11. A method according to claim 10, wherein the damping entity is a renewable power plant comprising a plurality of inverter-based resources; wherein at least some of the inverter-based resources are wind turbines; and wherein the damping entity reconstructing an oscillation signal and providing and/or consuming active and/or reactive power comprises: receiving the damping vector at a power plant controller; dispatching, by the power plant controller, the damping vector and individual control instructions to one or more of the inverter-based resources of the renewable power plant, and reconstructing, by the one or more inverter-based resources, the oscillation signal and providing active and/or reactive power to the power grid in accordance with the reconstructed oscillation signal and the received individual control instructions.

Description

BRIEF DESCRIPTION OF THE DRAWINGS

[0043] The invention will now be described in further detail with reference to the accompanying drawings in which

[0044] FIG. 1 is a functional flow diagram illustrating a method according to an embodiment of the invention,

[0045] FIG. 2 is a block diagram illustrating a method according to an embodiment of the invention,

[0046] FIG. 3 is a flow diagram illustrating control of a renewable power plant as part of a method according to an embodiment of the invention, and

[0047] FIG. 4 shows graphs illustrating a method according to an embodiment of the invention.

DETAILED DESCRIPTION OF THE DRAWINGS

[0048] FIG. 1 is a functional flow diagram illustrating a method according to an embodiment of the invention. Measurements 1 are performed at at least one measurement position in a power grid. The measurements 1 include measurements of voltage amplitude, voltage phase angle, frequency and/or power flow of the power grid at the at least one measurement position.

[0049] The performed measurements 1 are provided to a processing node 2, where an oscillation in the power grid is identified, based on the measurements. At converting node 3, a frequency, a phase angle and an amplitude of the identified oscillation is derived, and a damping vector in the form of phasor specifying the frequency, phase angle and amplitude of the oscillation is derived. The damping vector is targeted at a damping position of a selected damping entity. Furthermore, the damping vector is referenced to a common reference time frame 4, e.g. being defined by synchronized GPS clocks.
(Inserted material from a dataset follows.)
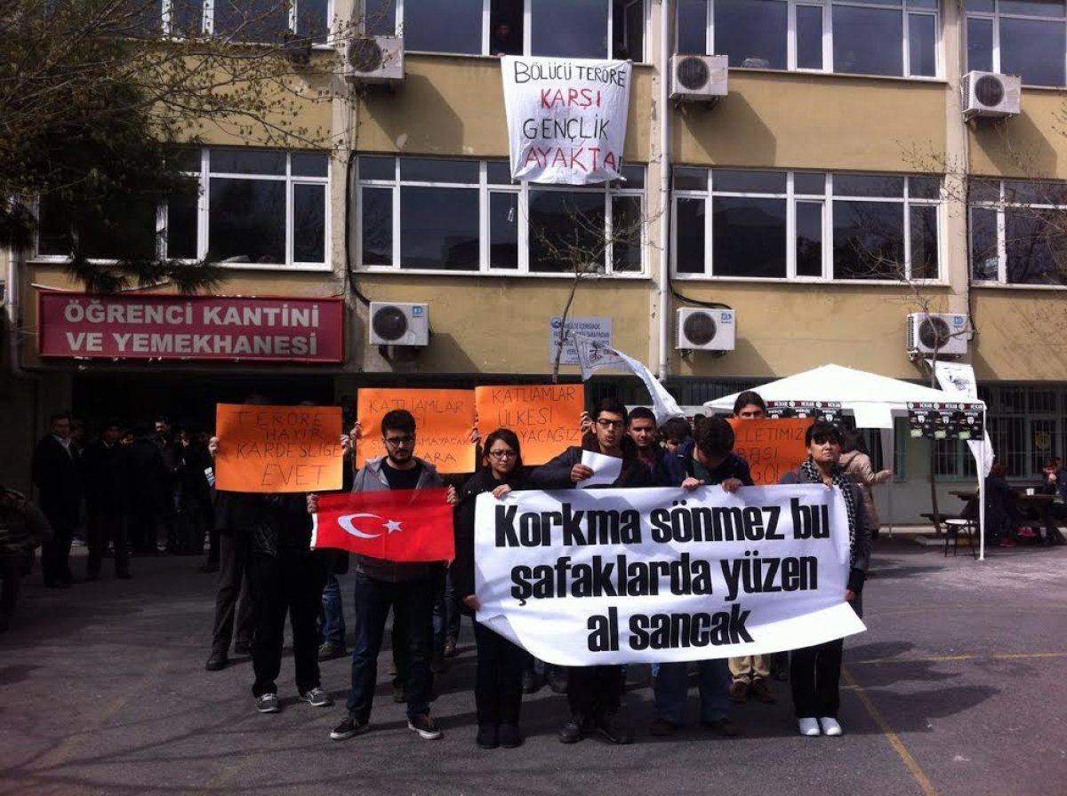 Ankara’da gerçekleşen hain terör saldırısından sonra tüm yurtta olduğu gibi üniversitelerde de tepkiler büyümeye devam ediyor. Birçok üniversitede, terör saldırılarında yitirilen yurttaşlarımız için saygı duruşunda bulunuldu. İstanbul’daki 27 öğrenci topluluğunun imzaladığı “Bölücü Teröre Karşı Gençlik Ayakta” bildirisini, Çapa Tıp Fakültesi bahçesinde gerçekleştirilen saygı duruşu ardından topluluklar adına İstanbul Tıp Fakültesi Atatürkçü Düşünce Kulübü Başkanı Eren Öztürk açıkladı. Ankara patlamasının baş sorumlusu PKK terör örgütünün lanetlendiği eylemde, En büyük vicdan ayaktadır; Türk milletinin ve gençliğinin vicdanı teröre son vermesi için Mehmetçik’le omuz omuzadır. Üniversite toplulukları olarak kalbimiz Mehmetçikle ve bölücülüğe karşı mücadele eden milletimizle birlikte çarpıyor. Tüm üniversite gençliğini bu çağrıya destek vermeye çağırıyoruz. Üniversitelerde bölücü terör tehdidine geçit vermeyelim! vurgularında bulunuldu.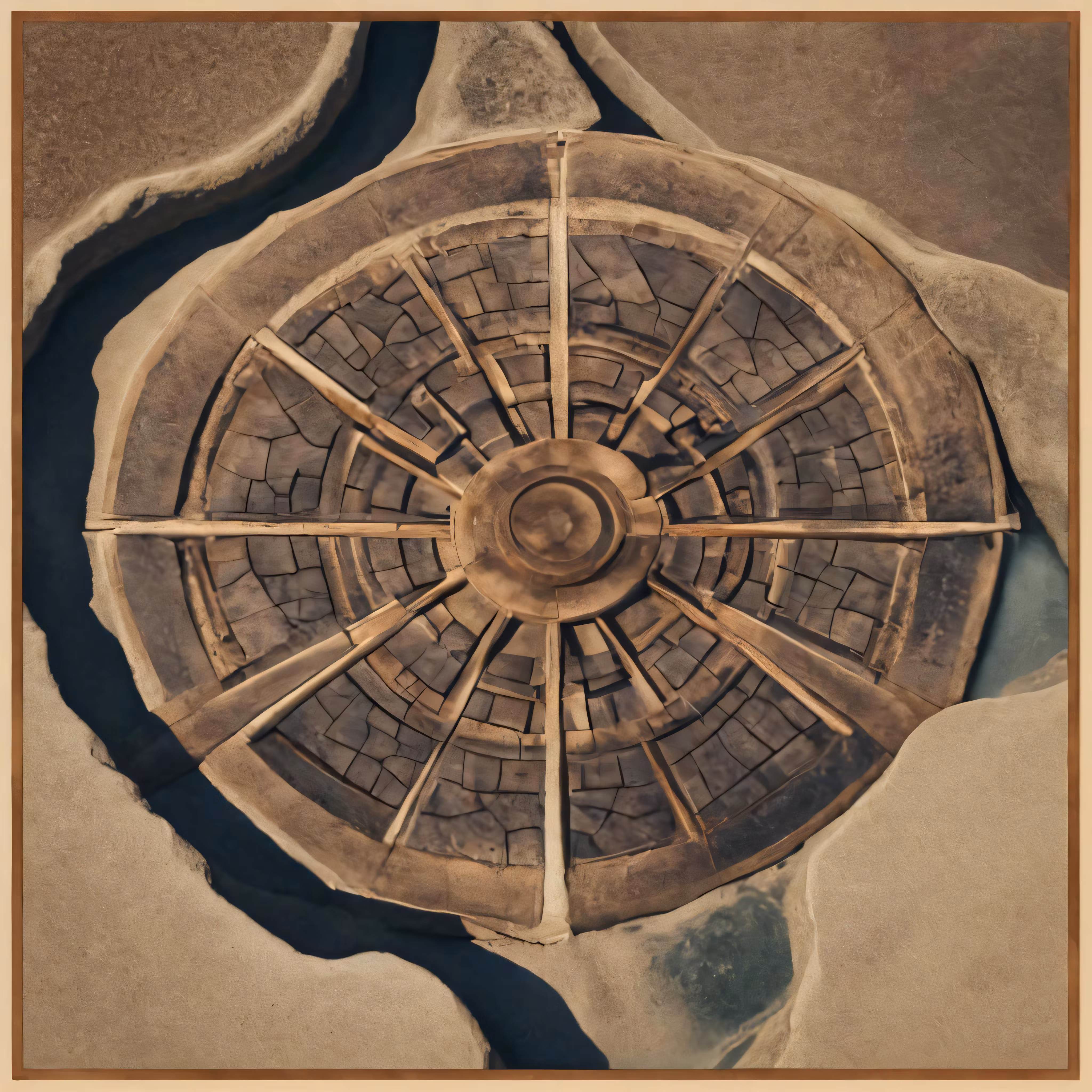 High resolution picture, free to use, a water fountain surrounded by sandy ground and rocks

[0050] The damping vector is provided to a controller 5 of the selected damping entity connected to the power grid at the damping position. The damping entity may, e.g., be in the form of a renewable power plant, such as a wind farm, comprising a plurality of inverter-based resources, such as wind turbines.

[0051] At the controller 5 of the damping entity, an oscillation signal corresponding to the oscillation in the power grid is reconstructed, based on the received damping vector and applying the common reference time frame 4. Finally, control signals 6 for the damping entity are generated, based on the reconstructed oscillation signal, and on further relevant control signals 7. The damping entity then supplies and/or consumes active and/or reactive power to/from the power grid in accordance with the control signals 6, thus causing damping of the oscillation in the power grid.

[0052] FIG. 2 is a block diagram illustrating a method according to an embodiment of the invention, similar to the embodiment illustrated in FIG. 1. Prony analysis 8 is performed on measurements 1 performed at at least one measurement position in the power grid in order to identify a frequency, f, a phase angle, , and an amplitude, A, of various oscillations. Based on the identified oscillations, a damping controller 15 generates a damping vector 9 specifying the frequency, f, the phase angle, , and the amplitude, A, of an identified oscillation in the power grid. The damping vector 9 references a common reference time frame 4.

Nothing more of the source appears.